Quite often, classical K-means fails in recognizing the true groups:

``````# launch classical KMeans
kmeans_res <- KMeans(x, centers)
# plots
par(mfrow=c(1,2))
colors_cluster <- c("grey", "darkolivegreen3", "coral")
colors_centers <- c("black", "darkgreen", "firebrick")

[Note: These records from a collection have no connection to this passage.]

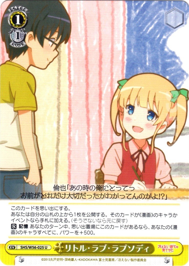 【永】 記憶 あなたのターン中、思い出置場にこのカードがあるなら、あなたの《漫画》のキャラすべてに、パワーを+500。
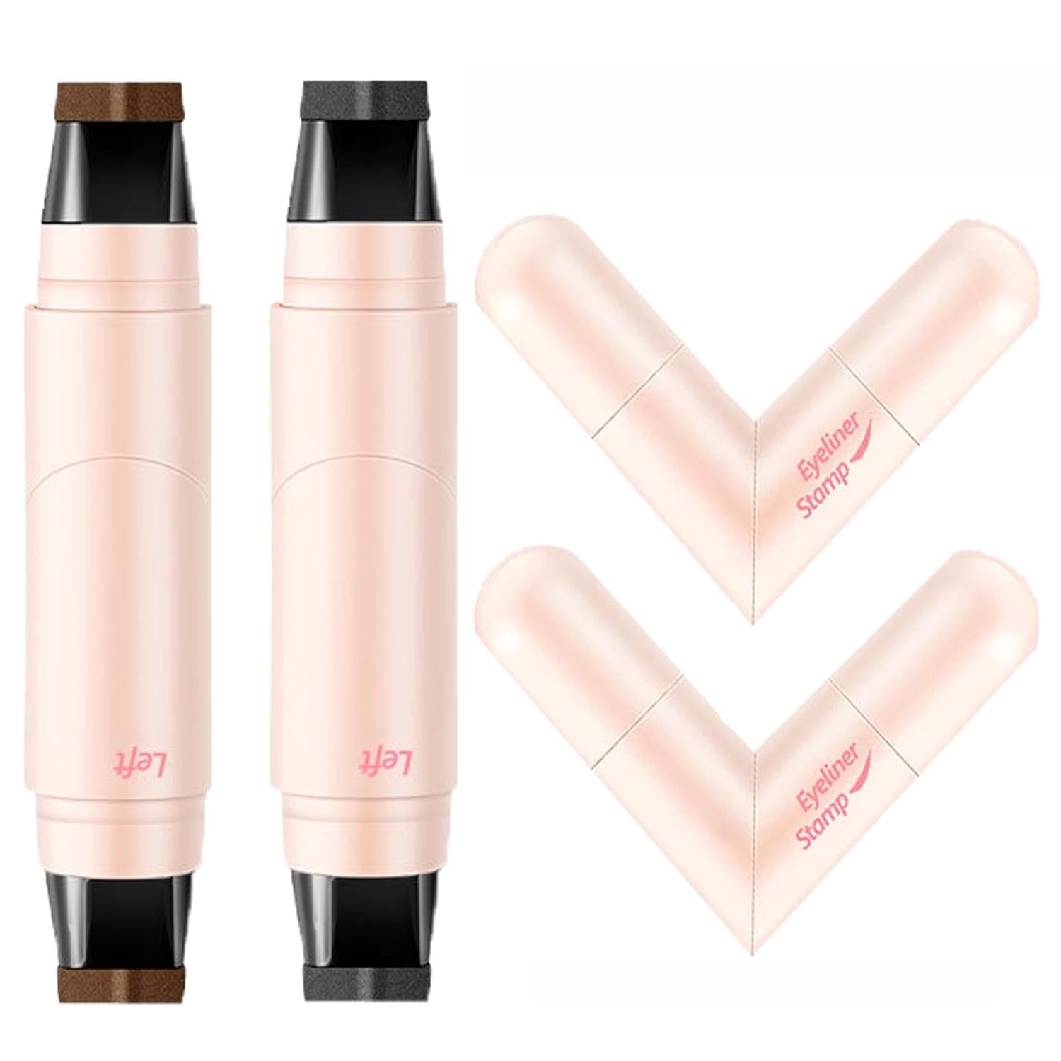 Double Headed Eyeliner Stamp, 2 Colors Waterproof Long Lasting Smudge Proof Liquid Eyeliner Pen, New Foldable Eyeliner Stamp, Gel Eyeliner Pencil Eye Makeup Pen (Black+Brown)
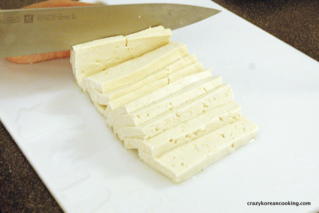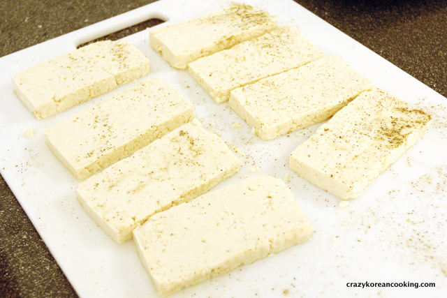 1. Wash & CutGently rinse the tofu under running water. Dry it with a kitchen towel. Slice the tofu into ⅜” (1 cm) rectangles. One average size Korean tofu block usually yields 7 to 8 slices. The size may vary depending on the brand. You can also cut into smaller pieces as long as the thickness is about 1 cm. |

graphics::plot(x, col = colors_cluster[truegroup]
,bg= colors_cluster[truegroup], pch=21,
xlab="y[,1]",
ylab="y[,2]", cex.lab=1.5,
main="True data", cex.main=1.5)

graphics::plot(x, col = colors_cluster[kmeans_res\$cluster],
bg=colors_cluster[kmeans_res\$cluster], pch=21, xlab="y[,1]",
ylab="y[,2]", cex.lab=1.5,main="K-means",  cex.main=1.5)
points(kmeans_res\$centers, col = colors_centers[1:centers],
pch = 8, cex = 2)`````` In such situations, we may need a more robust version of the classical K-means. The pivots may be used as initial seeds for a classical K-means algorithm. The function `piv_KMeans` works as the classical `kmeans` function, with some optional arguments (in the figure below, the colored triangles represent the pivots).

``````# launch piv_KMeans
piv_res <- piv_KMeans(x, centers)
# plots
par(mfrow=c(1,2), pty="s")
colors_cluster <- c("grey", "darkolivegreen3", "coral")
colors_centers <- c("black", "darkgreen", "firebrick")
graphics::plot(x, col = colors_cluster[truegroup],
bg= colors_cluster[truegroup], pch=21, xlab="x[,1]",
ylab="x[,2]", cex.lab=1.5,
main="True data", cex.main=1.5)

graphics::plot(x, col = colors_cluster[piv_res\$cluster],
bg=colors_cluster[piv_res\$cluster], pch=21, xlab="x[,1]",
ylab="x[,2]", cex.lab=1.5,
main="piv_Kmeans", cex.main=1.5)
points(x[piv_res\$pivots,1], x[piv_res\$pivots,2],
pch=24, col=colors_centers,bg=colors_centers,
cex=1.5)
points(x[piv_res\$pivots,1], x[piv_res\$pivots,2],
pch=24,  col=colors_centers, bg=colors_centers,
cex=1.5)
points(x[piv_res\$pivots,1], x[piv_res\$pivots,2],
pch=24, col=colors_centers, bg=colors_centers,
cex=1.5)
points(piv_res\$centers, col = colors_centers[1:centers],
pch = 8, cex = 2)`````` Egidi, L., Pappadà, R., Pauli, F. and Torelli, N. (2018a). Relabelling in Bayesian Mixture Models by Pivotal Units. Statistics and Computing, 28(4), 957-969.

Egidi, L., Pappadà, R., Pauli, F., Torelli, N. (2018b). K-means seeding via MUS algorithm. Conference Paper, Book of Short Papers, SIS2018, ISBN: 9788891910233.